The Navy quickly realized, once the Fliers returned to Fremantle, that they had a problem. The Submarine Force was far, far too small. Eight Flier crewmen (almost 10% of the crew!) were going to be wandering around Fremantle, being seen by men they knew and who knew that these men belonged on the Flier…and it wouldn’t take long before people realized that Flier herself wasn’t in port, which would raise interesting questions.
Questions that, the Navy, in order to keep the other submariners from uneccessary fear and worry, would rather remain unasked.
Captain Crowley had to stay in Fremantle because he needed to prepare his defense. While the Board of Investigation he was now facing (standard for investigating the presumed or known losses of any given vessel) was not a court martial, it was only one step down, and if it proved unfavorable, he could face a real Court Martial. Since Admiral Christie was also going to be a defendant in this investigation, the Navy was flying Admiral Freeland Daubin in from the East Coast to preside over the trial. In fact, he landed in Fremantle 66 years ago today.
Earl Baumgart requested to stay in Fremantle, as he was friends with a local family with whom he was staying. Since he was staying there, and eating his meals there rather than in the hotels and restaurants that the submariners haunted, the Navy decided to honor his request. Besides, a spare Flier crewman wouldn’t raise that many eyebrows–last minute reassignments were common enough.

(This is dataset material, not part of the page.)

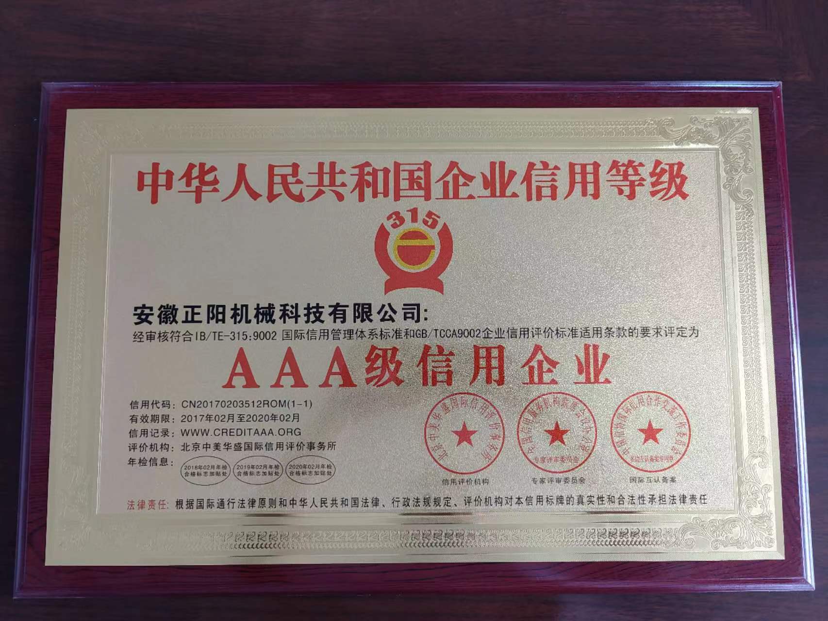 > 正陽機(jī)械 > 榮譽(yù)證書
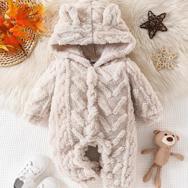 Ideal for outings in cold weather, family gatherings, or simply snuggling indoors, this fluffy hooded romper is a must-have for every baby’s wardrobe. It combines comfort, warmth, and adorable style—everything parents love and babies need. Treat your little one to a romper that feels like a hug. Order yours today and let your baby experience warmth and cuteness all season long!

The other six–Liddell, Jacobson, Miller, Tremaine, Howell, and Dello Russo–were loaded on a private plane and flown 350 miles inland to a town named Kalgoorlie. It was also in the middle of nowhere. In short, it was the perfect place to stash six guys whose location needed to be kept secret for another week or so.
Kalgoorlie is still, as it was in 1944, a large mining town with some of the biggest gold and nickel mines around. It sits near “The Super Pit”, Australia’s largest open pit gold mine.
Al Jacobson, who, along with Lt. Liddell, stayed in the mine foreman’s house that week, (the enlisted, I presume stayed in one of the numerous hotels in Kalgoorlie) got a first hand look at a mining operation–or he would have had they stayed there any other week of the year. The first morning there, he recalled going to the mine with the harrassed looking foreman where all the miners were gathered. The Union leader yelled, “Are we going to work today men?” “NO!” was the resounding answer.
Then they all trooped away…to the racetrack. They weren’t on strike. Kalgoorlie’s biggest week of the year is the horse races held each September and war or not, they continued, and all mining operations were suspended until then, despite the fact the foreman’s orders were to run the mine at full capacity.
We know Al visited the racetrack on September 9, because he still has the program for that day.
Soon, however, they were going to return to Fremantle to face whatever music the Navy decided to play for them.